WHAT YOU ARE ASKED TO DO - Your answer must be an exact transcription of every record below, with the pictures omitted.

DATA IN THIS EXERCISE -

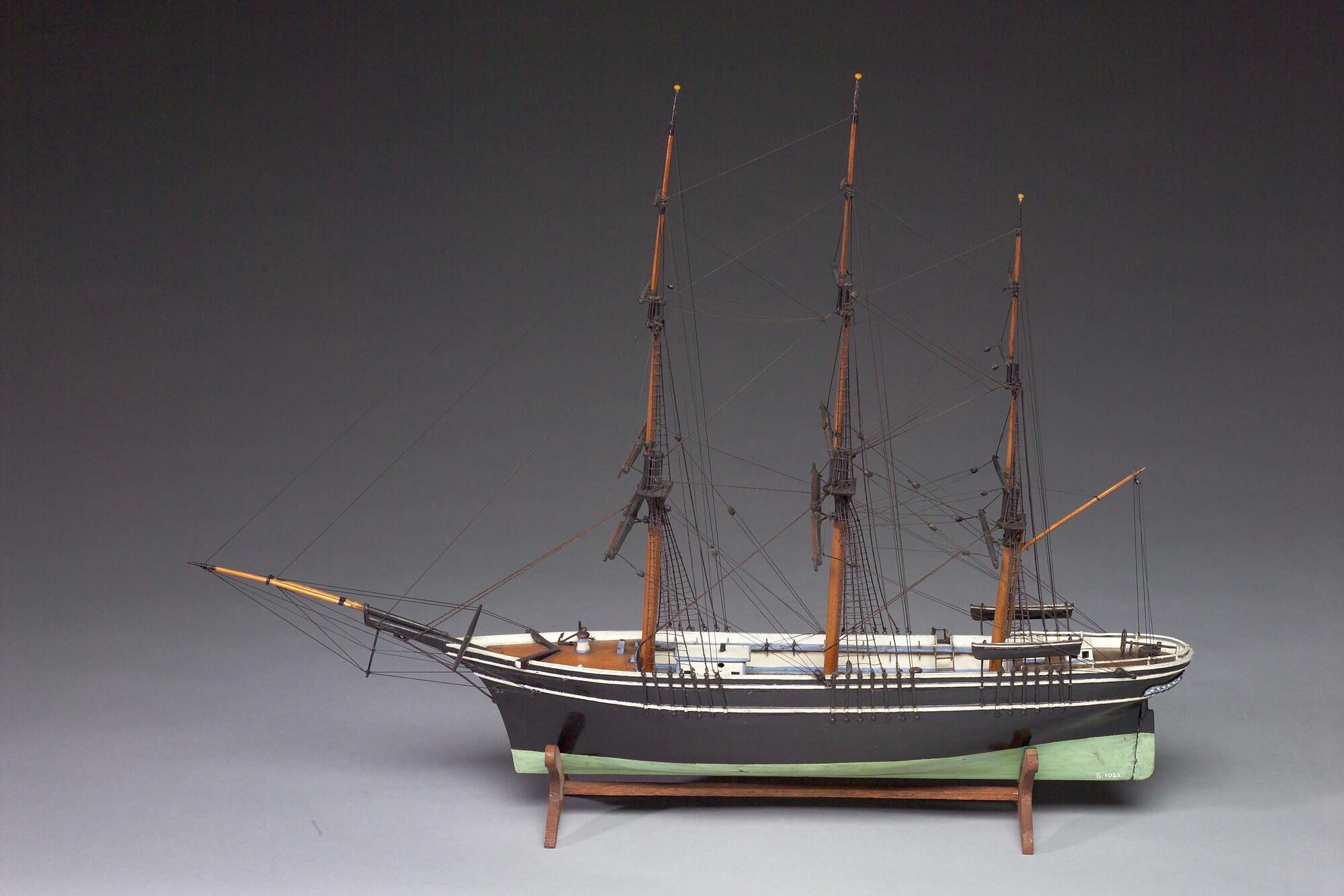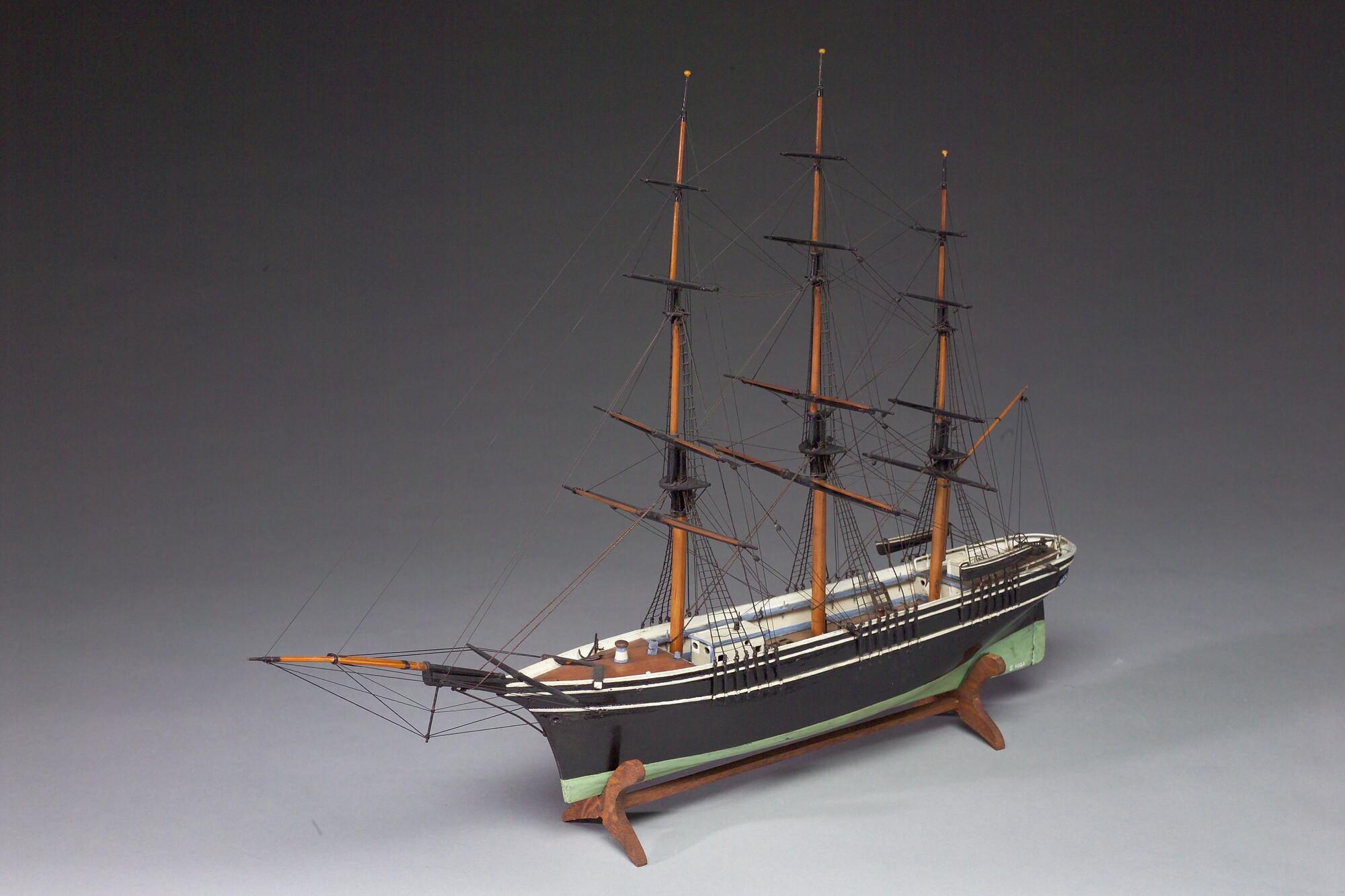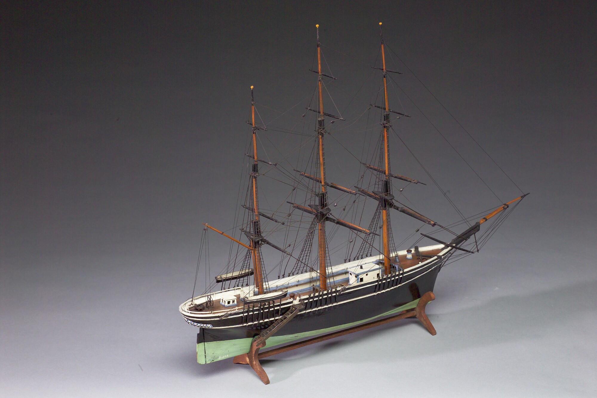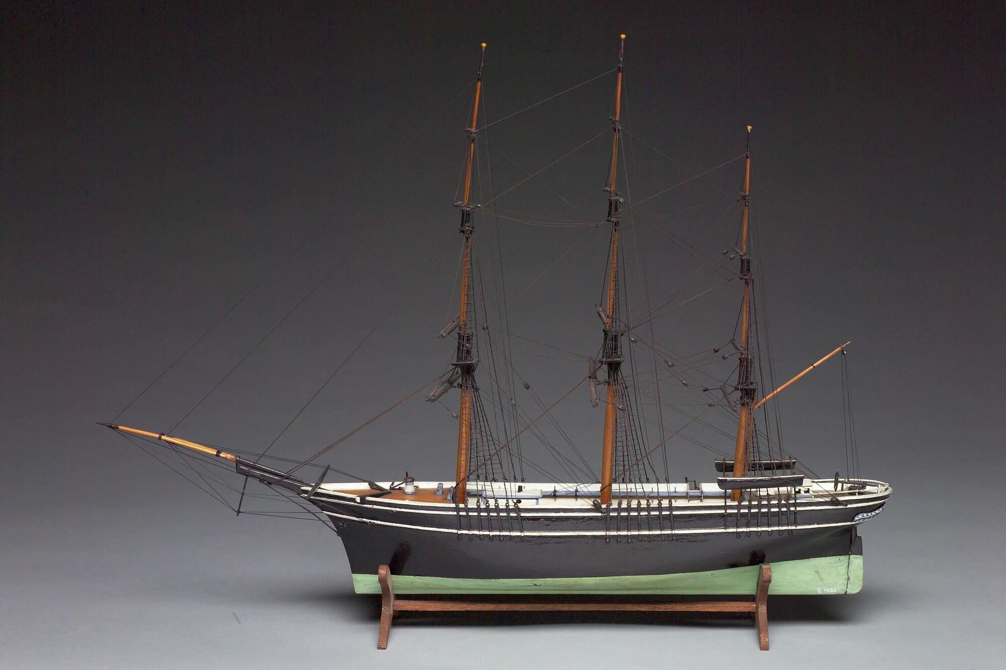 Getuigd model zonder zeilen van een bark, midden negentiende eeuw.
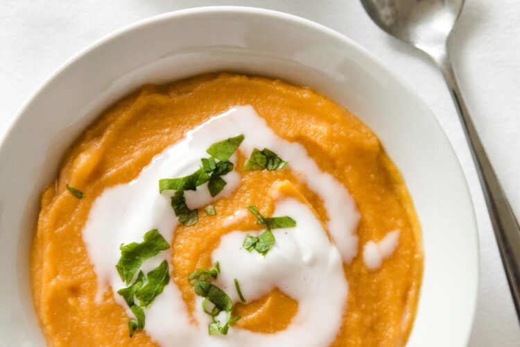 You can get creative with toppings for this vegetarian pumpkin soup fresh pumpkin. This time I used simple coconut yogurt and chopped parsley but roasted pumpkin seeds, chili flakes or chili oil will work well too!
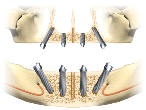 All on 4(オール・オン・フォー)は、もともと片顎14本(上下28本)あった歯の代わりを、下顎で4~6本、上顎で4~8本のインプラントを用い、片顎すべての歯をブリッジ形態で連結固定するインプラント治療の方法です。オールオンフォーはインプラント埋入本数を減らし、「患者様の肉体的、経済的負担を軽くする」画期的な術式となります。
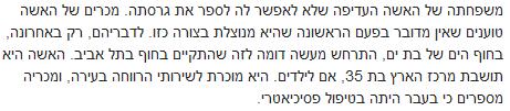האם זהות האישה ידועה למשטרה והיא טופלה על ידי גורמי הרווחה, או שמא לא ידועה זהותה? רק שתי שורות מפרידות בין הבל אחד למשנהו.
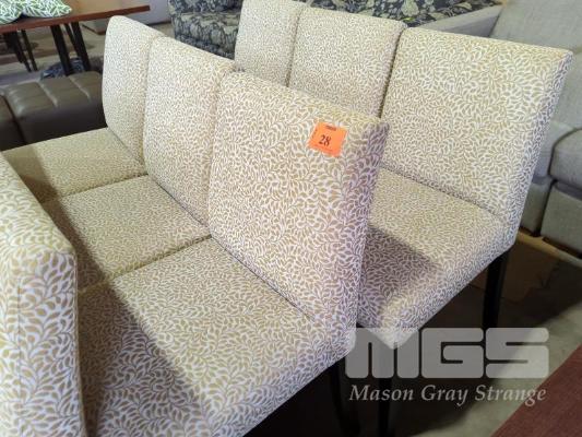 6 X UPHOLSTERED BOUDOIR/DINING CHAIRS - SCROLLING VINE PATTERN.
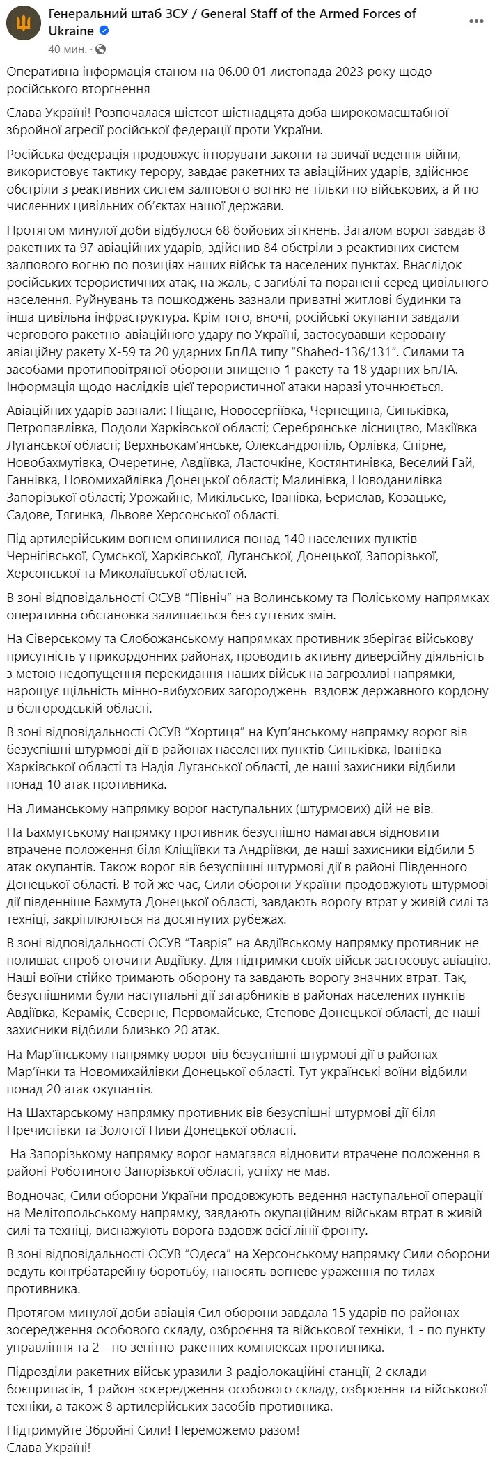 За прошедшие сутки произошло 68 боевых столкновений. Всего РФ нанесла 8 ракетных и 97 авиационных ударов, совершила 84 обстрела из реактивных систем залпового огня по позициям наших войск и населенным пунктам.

ANSWER TO THE PROBLEM -
 Getuigd model zonder zeilen van een bark, midden negentiende eeuw.
 You can get creative with toppings for this vegetarian pumpkin soup fresh pumpkin. This time I used simple coconut yogurt and chopped parsley but roasted pumpkin seeds, chili flakes or chili oil will work well too!
 All on 4(オール・オン・フォー)は、もともと片顎14本(上下28本)あった歯の代わりを、下顎で4~6本、上顎で4~8本のインプラントを用い、片顎すべての歯をブリッジ形態で連結固定するインプラント治療の方法です。オールオンフォーはインプラント埋入本数を減らし、「患者様の肉体的、経済的負担を軽くする」画期的な術式となります。
האם זהות האישה ידועה למשטרה והיא טופלה על ידי גורמי הרווחה, או שמא לא ידועה זהותה? רק שתי שורות מפרידות בין הבל אחד למשנהו.
 6 X UPHOLSTERED BOUDOIR/DINING CHAIRS - SCROLLING VINE PATTERN.
 За прошедшие сутки произошло 68 боевых столкновений. Всего РФ нанесла 8 ракетных и 97 авиационных ударов, совершила 84 обстрела из реактивных систем залпового огня по позициям наших войск и населенным пунктам.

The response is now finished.